WHAT YOU SHOULD DO: Could you restate all of the records exactly, leaving out the pictures?

▬▬▬▬▬▬▬▬▬▬

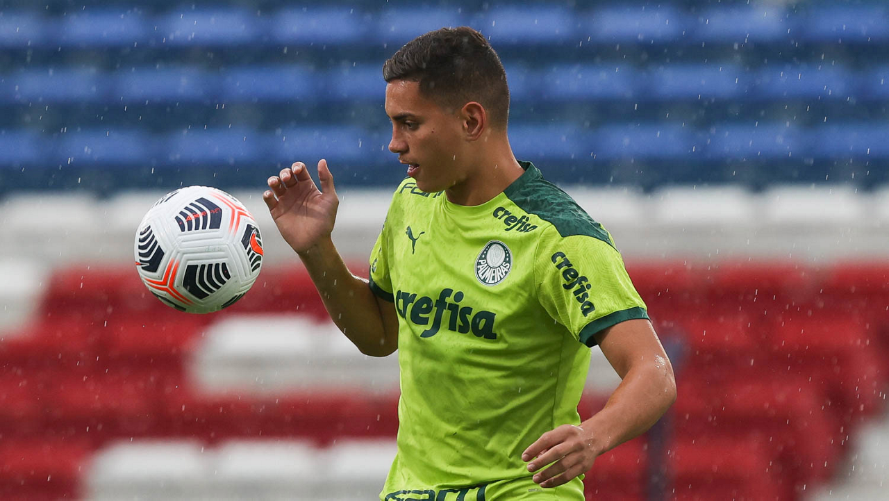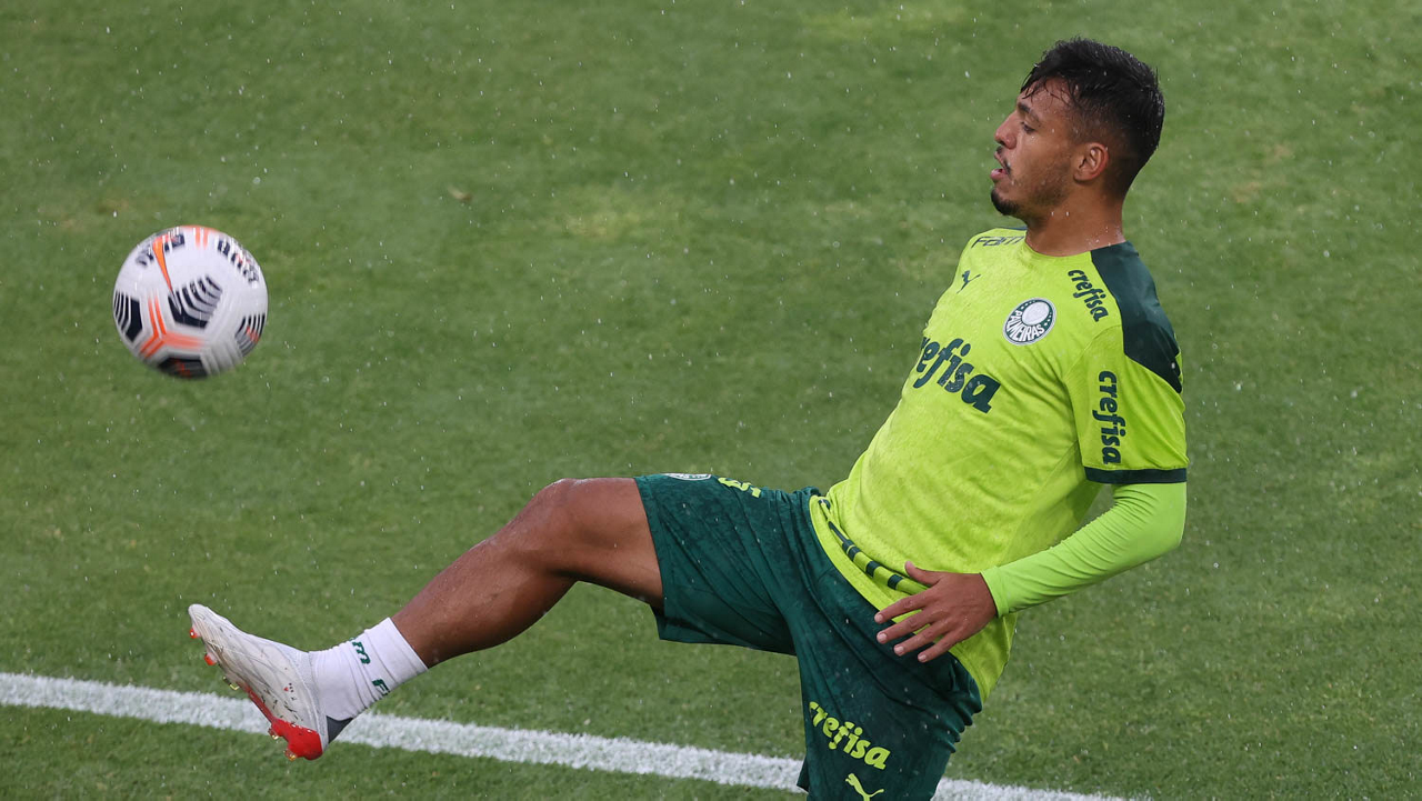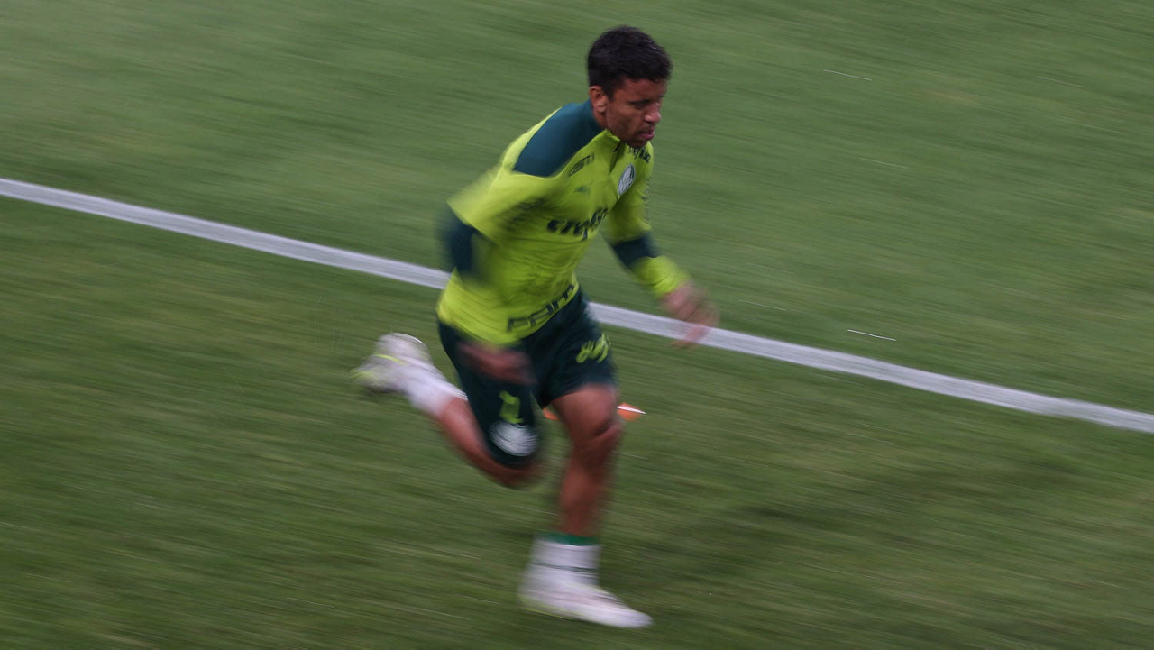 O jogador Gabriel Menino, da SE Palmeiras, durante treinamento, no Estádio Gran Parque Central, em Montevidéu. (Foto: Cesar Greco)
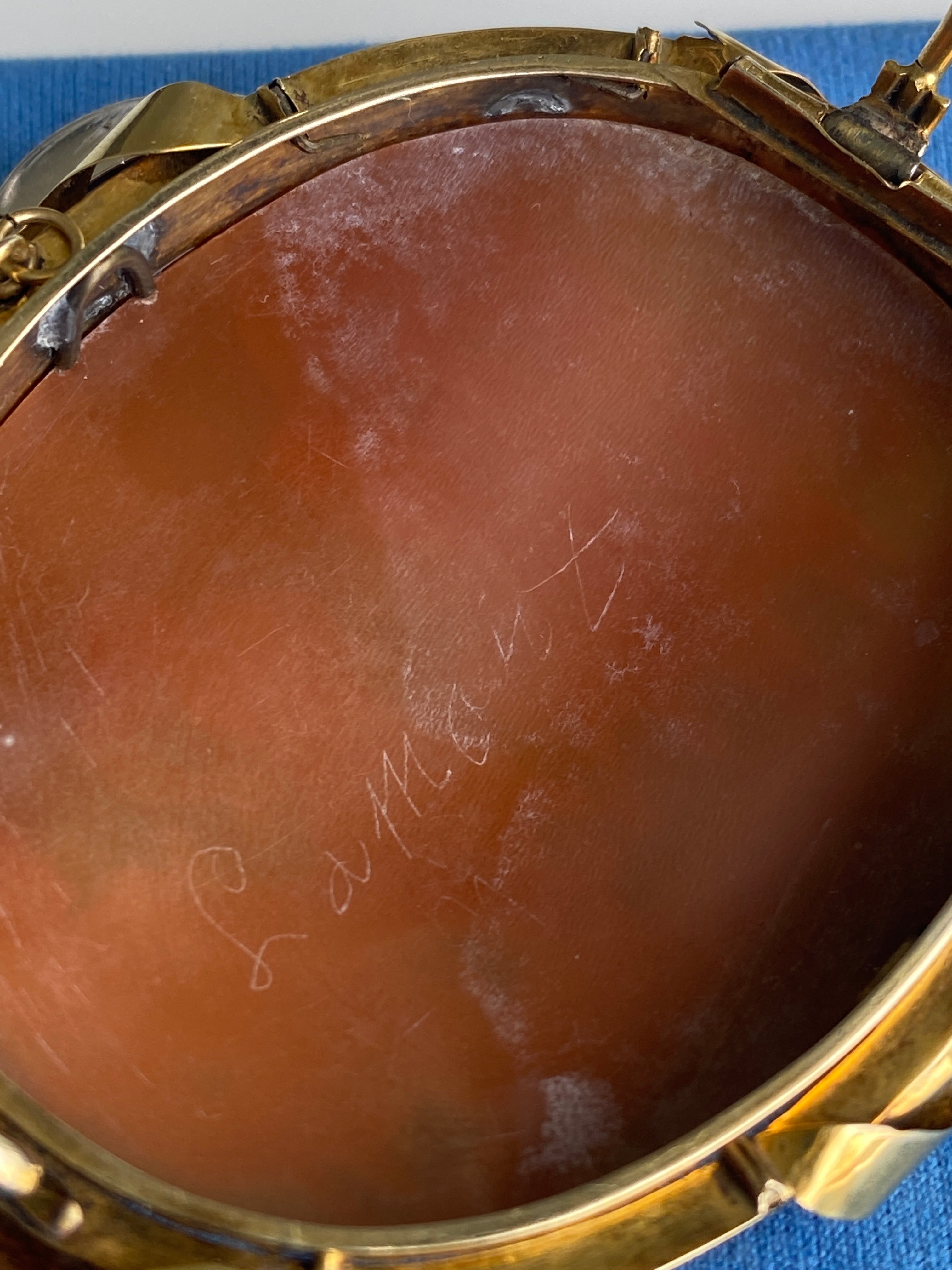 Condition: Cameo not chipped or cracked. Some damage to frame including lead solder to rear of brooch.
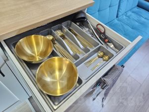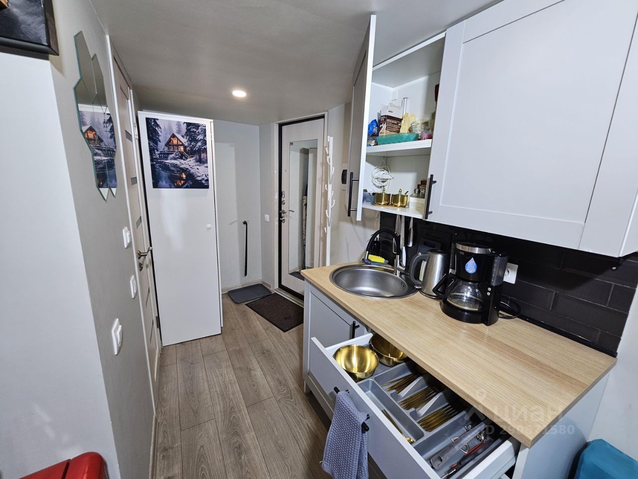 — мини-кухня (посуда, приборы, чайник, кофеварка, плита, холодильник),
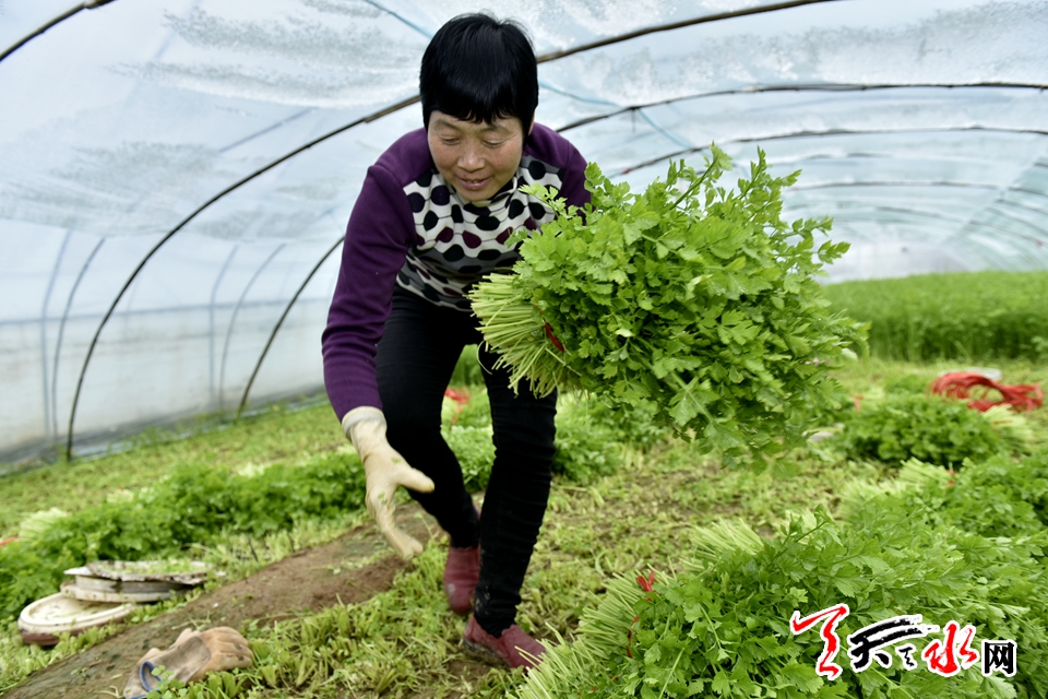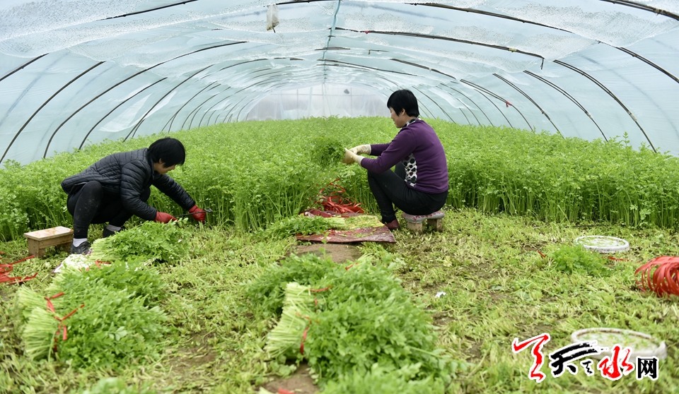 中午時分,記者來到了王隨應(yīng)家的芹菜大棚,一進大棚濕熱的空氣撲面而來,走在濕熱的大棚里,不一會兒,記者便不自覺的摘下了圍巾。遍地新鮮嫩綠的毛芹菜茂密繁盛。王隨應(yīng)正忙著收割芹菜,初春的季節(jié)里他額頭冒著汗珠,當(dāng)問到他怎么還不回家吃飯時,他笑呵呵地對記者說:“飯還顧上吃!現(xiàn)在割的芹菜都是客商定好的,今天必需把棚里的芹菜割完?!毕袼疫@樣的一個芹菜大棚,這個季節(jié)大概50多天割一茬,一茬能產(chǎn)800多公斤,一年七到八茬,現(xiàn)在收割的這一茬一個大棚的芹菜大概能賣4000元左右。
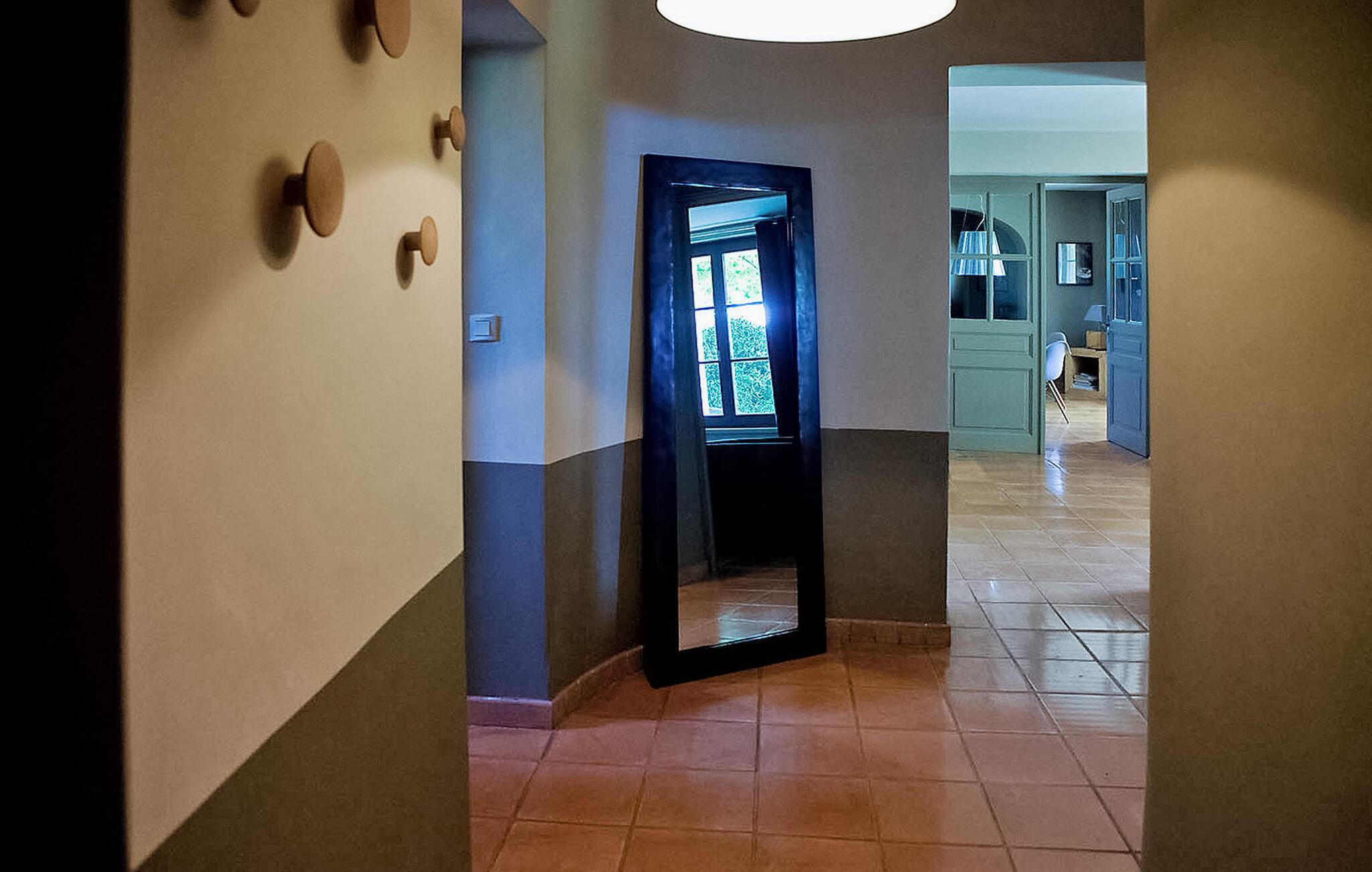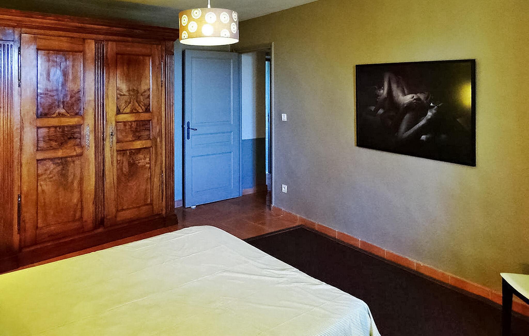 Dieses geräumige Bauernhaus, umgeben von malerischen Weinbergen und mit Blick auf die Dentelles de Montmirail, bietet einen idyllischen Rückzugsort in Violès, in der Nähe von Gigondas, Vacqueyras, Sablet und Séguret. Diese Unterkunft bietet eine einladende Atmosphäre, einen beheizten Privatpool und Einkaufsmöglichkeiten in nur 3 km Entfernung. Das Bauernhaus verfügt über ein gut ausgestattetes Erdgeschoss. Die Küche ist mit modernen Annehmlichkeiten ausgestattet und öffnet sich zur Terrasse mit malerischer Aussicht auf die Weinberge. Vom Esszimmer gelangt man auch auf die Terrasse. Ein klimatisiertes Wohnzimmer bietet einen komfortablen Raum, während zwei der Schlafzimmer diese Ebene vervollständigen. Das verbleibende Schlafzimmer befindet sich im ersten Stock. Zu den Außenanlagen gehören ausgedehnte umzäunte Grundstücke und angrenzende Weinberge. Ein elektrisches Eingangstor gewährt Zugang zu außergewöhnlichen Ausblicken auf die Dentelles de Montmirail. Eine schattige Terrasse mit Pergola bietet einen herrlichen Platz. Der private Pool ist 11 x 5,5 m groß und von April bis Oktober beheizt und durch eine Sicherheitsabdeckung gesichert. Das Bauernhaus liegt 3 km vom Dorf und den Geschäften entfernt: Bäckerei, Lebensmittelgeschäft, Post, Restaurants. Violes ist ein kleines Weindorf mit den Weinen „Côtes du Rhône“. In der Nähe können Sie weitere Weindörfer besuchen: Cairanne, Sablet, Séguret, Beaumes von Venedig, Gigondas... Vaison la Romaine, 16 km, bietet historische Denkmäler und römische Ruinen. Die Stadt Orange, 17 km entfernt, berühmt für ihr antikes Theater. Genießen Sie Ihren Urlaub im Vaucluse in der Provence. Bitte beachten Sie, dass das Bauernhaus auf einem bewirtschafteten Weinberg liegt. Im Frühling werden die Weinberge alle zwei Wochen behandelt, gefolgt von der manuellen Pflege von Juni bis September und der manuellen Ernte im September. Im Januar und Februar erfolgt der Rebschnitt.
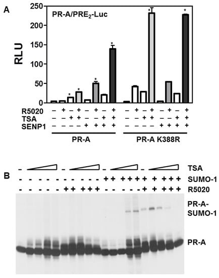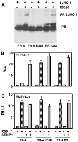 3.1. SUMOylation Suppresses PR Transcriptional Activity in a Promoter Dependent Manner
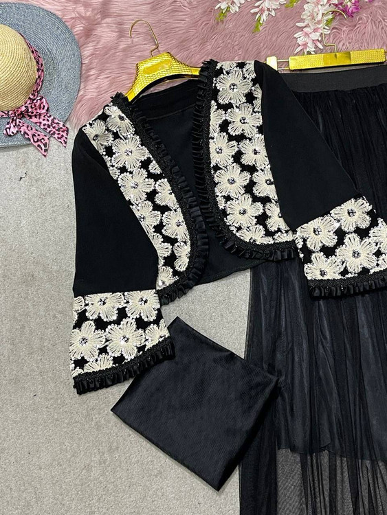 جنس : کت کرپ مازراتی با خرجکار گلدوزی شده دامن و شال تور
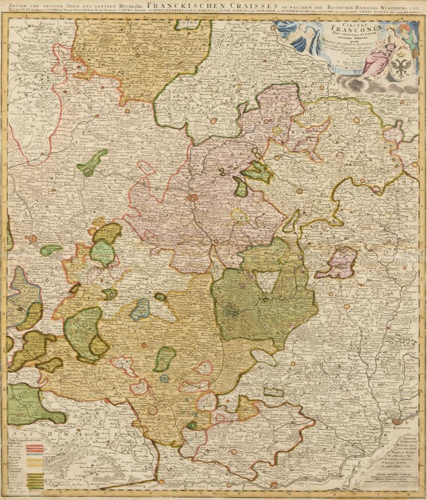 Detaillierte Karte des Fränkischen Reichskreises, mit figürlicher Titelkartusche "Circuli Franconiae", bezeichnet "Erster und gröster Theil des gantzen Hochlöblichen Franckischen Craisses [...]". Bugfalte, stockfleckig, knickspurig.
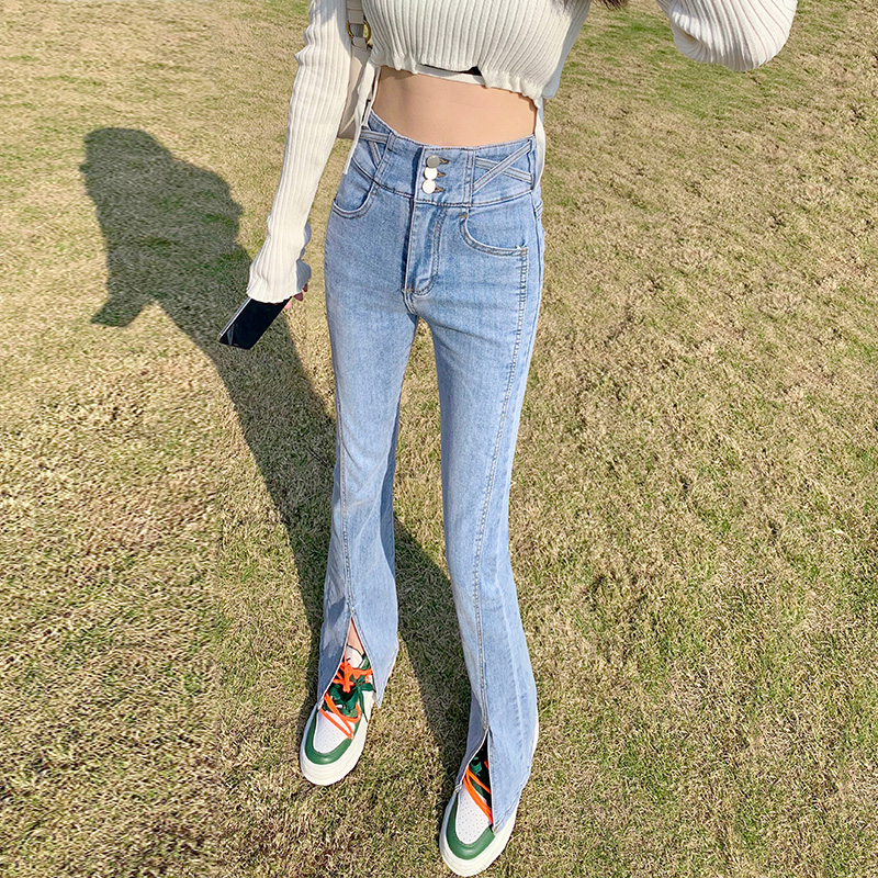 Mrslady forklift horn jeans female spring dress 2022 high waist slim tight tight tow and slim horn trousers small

▬▬▬▬▬▬▬▬▬▬

EXPECTED ANSWER:
 O jogador Gabriel Menino, da SE Palmeiras, durante treinamento, no Estádio Gran Parque Central, em Montevidéu. (Foto: Cesar Greco)
 Condition: Cameo not chipped or cracked. Some damage to frame including lead solder to rear of brooch.
 — мини-кухня (посуда, приборы, чайник, кофеварка, плита, холодильник),
 中午時分,記者來到了王隨應(yīng)家的芹菜大棚,一進大棚濕熱的空氣撲面而來,走在濕熱的大棚里,不一會兒,記者便不自覺的摘下了圍巾。遍地新鮮嫩綠的毛芹菜茂密繁盛。王隨應(yīng)正忙著收割芹菜,初春的季節(jié)里他額頭冒著汗珠,當(dāng)問到他怎么還不回家吃飯時,他笑呵呵地對記者說:“飯還顧上吃!現(xiàn)在割的芹菜都是客商定好的,今天必需把棚里的芹菜割完?!毕袼疫@樣的一個芹菜大棚,這個季節(jié)大概50多天割一茬,一茬能產(chǎn)800多公斤,一年七到八茬,現(xiàn)在收割的這一茬一個大棚的芹菜大概能賣4000元左右。
 Dieses geräumige Bauernhaus, umgeben von malerischen Weinbergen und mit Blick auf die Dentelles de Montmirail, bietet einen idyllischen Rückzugsort in Violès, in der Nähe von Gigondas, Vacqueyras, Sablet und Séguret. Diese Unterkunft bietet eine einladende Atmosphäre, einen beheizten Privatpool und Einkaufsmöglichkeiten in nur 3 km Entfernung. Das Bauernhaus verfügt über ein gut ausgestattetes Erdgeschoss. Die Küche ist mit modernen Annehmlichkeiten ausgestattet und öffnet sich zur Terrasse mit malerischer Aussicht auf die Weinberge. Vom Esszimmer gelangt man auch auf die Terrasse. Ein klimatisiertes Wohnzimmer bietet einen komfortablen Raum, während zwei der Schlafzimmer diese Ebene vervollständigen. Das verbleibende Schlafzimmer befindet sich im ersten Stock. Zu den Außenanlagen gehören ausgedehnte umzäunte Grundstücke und angrenzende Weinberge. Ein elektrisches Eingangstor gewährt Zugang zu außergewöhnlichen Ausblicken auf die Dentelles de Montmirail. Eine schattige Terrasse mit Pergola bietet einen herrlichen Platz. Der private Pool ist 11 x 5,5 m groß und von April bis Oktober beheizt und durch eine Sicherheitsabdeckung gesichert. Das Bauernhaus liegt 3 km vom Dorf und den Geschäften entfernt: Bäckerei, Lebensmittelgeschäft, Post, Restaurants. Violes ist ein kleines Weindorf mit den Weinen „Côtes du Rhône“. In der Nähe können Sie weitere Weindörfer besuchen: Cairanne, Sablet, Séguret, Beaumes von Venedig, Gigondas... Vaison la Romaine, 16 km, bietet historische Denkmäler und römische Ruinen. Die Stadt Orange, 17 km entfernt, berühmt für ihr antikes Theater. Genießen Sie Ihren Urlaub im Vaucluse in der Provence. Bitte beachten Sie, dass das Bauernhaus auf einem bewirtschafteten Weinberg liegt. Im Frühling werden die Weinberge alle zwei Wochen behandelt, gefolgt von der manuellen Pflege von Juni bis September und der manuellen Ernte im September. Im Januar und Februar erfolgt der Rebschnitt.
 3.1. SUMOylation Suppresses PR Transcriptional Activity in a Promoter Dependent Manner
 جنس : کت کرپ مازراتی با خرجکار گلدوزی شده دامن و شال تور
 Detaillierte Karte des Fränkischen Reichskreises, mit figürlicher Titelkartusche "Circuli Franconiae", bezeichnet "Erster und gröster Theil des gantzen Hochlöblichen Franckischen Craisses [...]". Bugfalte, stockfleckig, knickspurig.
 Mrslady forklift horn jeans female spring dress 2022 high waist slim tight tight tow and slim horn trousers small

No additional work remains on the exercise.